The lineup kicks off with Gustav Mahler’s orchestral song cycle, Das Lied von der Erde (The Song of the Earth), featuring tenor Clay Hilley and Texas-raised, Grammy award-winning mezzo-soprano Sasha Cooke. Cooke wowed audiences as Thirza in the Houston Grand Opera’s October 2022 acclaimed production of The Wreckers, and this weekend is an opportunity to hear her sing in a very different setting. Houston Symphony Music Director Juraj Valčuha conducts.
The sound of Das Lied von der Erde is intimate and transparent; Mahler uses the voice to express his deepest thoughts and emotions in a chamber music-like landscape, making it one of Cooke’s favorite pieces to sing. “Mahler really relates to the mezzo,” says Cooke. “It often feels like it’s autobiographical, and that his voice is coming through the mezzo.”
The words Mahler chose to set for Das Lied von der Erde come from a collection of classical Chinese poetry, freely translated by German poet Hans Bethge. While the lyrics for the tenor’s three songs are set in what Cooke describes as a “human living space” — with vivid descriptions of being young, wild, and free, as well as drinking to stave off feelings of sadness and existential dread — the mezzo’s songs, especially the cycle’s sixth and final movement “The Farewell,” are more contemplative and nuanced.
For “The Farewell,” a nearly 30-minute meditation on friendship, finality, and fate, Mahler chose to write the very last stanza himself, bringing the work quietly to a close with an unresolved interval and a single repeated word: éwig (eternal). For Cooke, the ending isn’t an expression of resignation, but an affirmation of transcendence, and of how we somehow live on after death, especially in art.
“Because Mahler was in touch with death so much, I think he knew he would live on in his song,” says Cooke. “His song was him. We live on in what we do.”

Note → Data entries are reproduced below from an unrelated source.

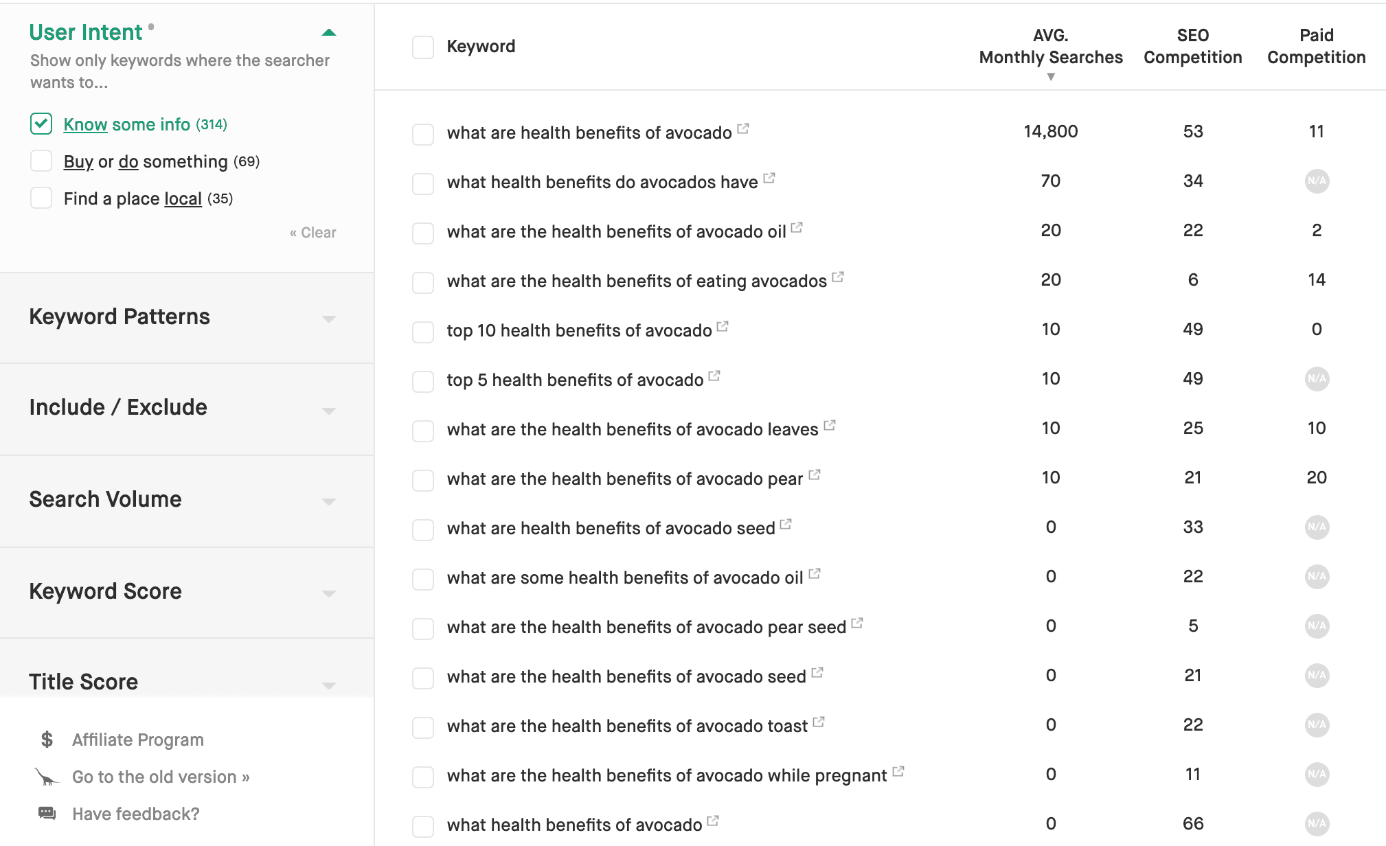 In so doing, you’re met with a bunch of long-tail keyword suggestions that you can then integrate into your content. Ubersuggest also filters keywords so that you’re able to find ones that are more usable.
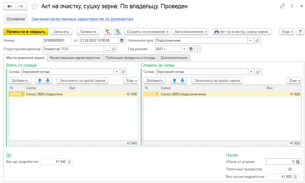 Результаты очистки, сушки зерна, а также оприходование побочных продуктов и отходов оформляются актом на очистку, сушку зерна.
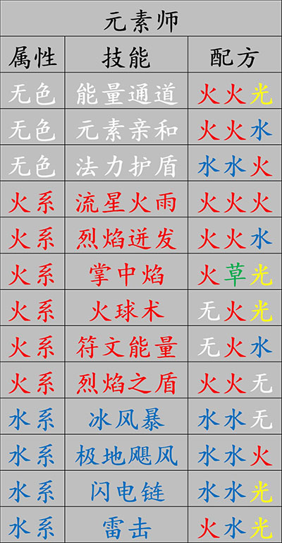 元素方尖技能配方有哪些-元素方尖技能配方介绍
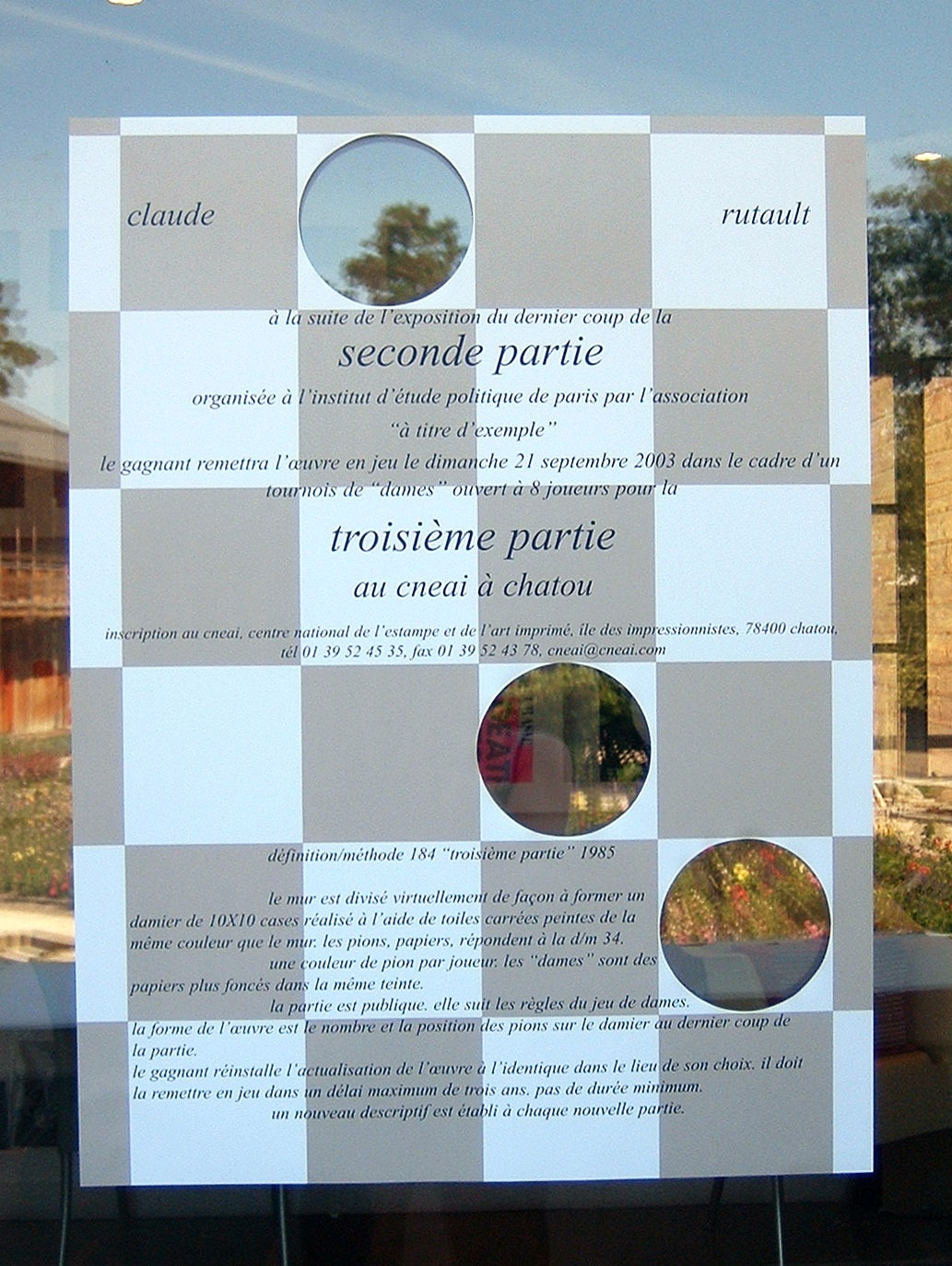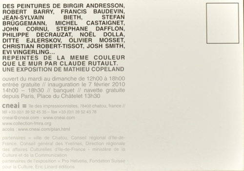 Avec des œuvres de François Aubart, Fia Backström, James Lee Byars, Continuous Project, Koenraad Dedobbeleer, Documentation Céline Duval, Pascal Doury, Peter Downsbrough, Antoine Duchenet, Jacob Fabricius, Jef Geys, Nicolas Giraud, Thomas Hirschhorn, Karl Holmqvist, Manuel Joseph, David Jourdan, Ben Kinmont, Alison Knowles, Ferdinand Kriwet, Lefevre Jean-Claude, Christophe Lemaitre, M/M (Paris), Clara Meister, Aleksandra Mir, Vera Molnár, Antoni Muntadas, Camille Pageard, Aurélie Pétrel, Seth Price, Conny Purtill, Lee Ranaldo, Allen Ruppersberg, Claude Rutault, Yann Sérandour, Leah Singer, Tatiana Trouvé, Julie Vayssière, et al.

Born in 1983 in Riverside, Calif., Cooke grew up in College Station and now lives in The Woodlands with her husband baritone Kelly Markgraf and their two daughters, ages 6 and 11. She appreciates the solace of living in a tree-filled community and “the medicine of a deer coming by” the windows when she sings at home. Nature metaphors abound throughout Das Lied von der Erde, and Cooke imagines Mahler drew inspiration from the Dolomite Mountains and the natural landscape that surrounded the hut where he composed the work. (Mahler had just been diagnosed with heart disease, which prevented him from one of his favorite pastimes: walking and bicycling in nature.)
“Mahler puts you in a meditative state,” says Cooke, who admits after performing Das Lied von der Erde it takes a little time for her to come back down to earth.
“You’ve been in another realm,” she says of the time onstage. “You kind of leave yourself, but you’re also really in yourself. You’re more there than ever.”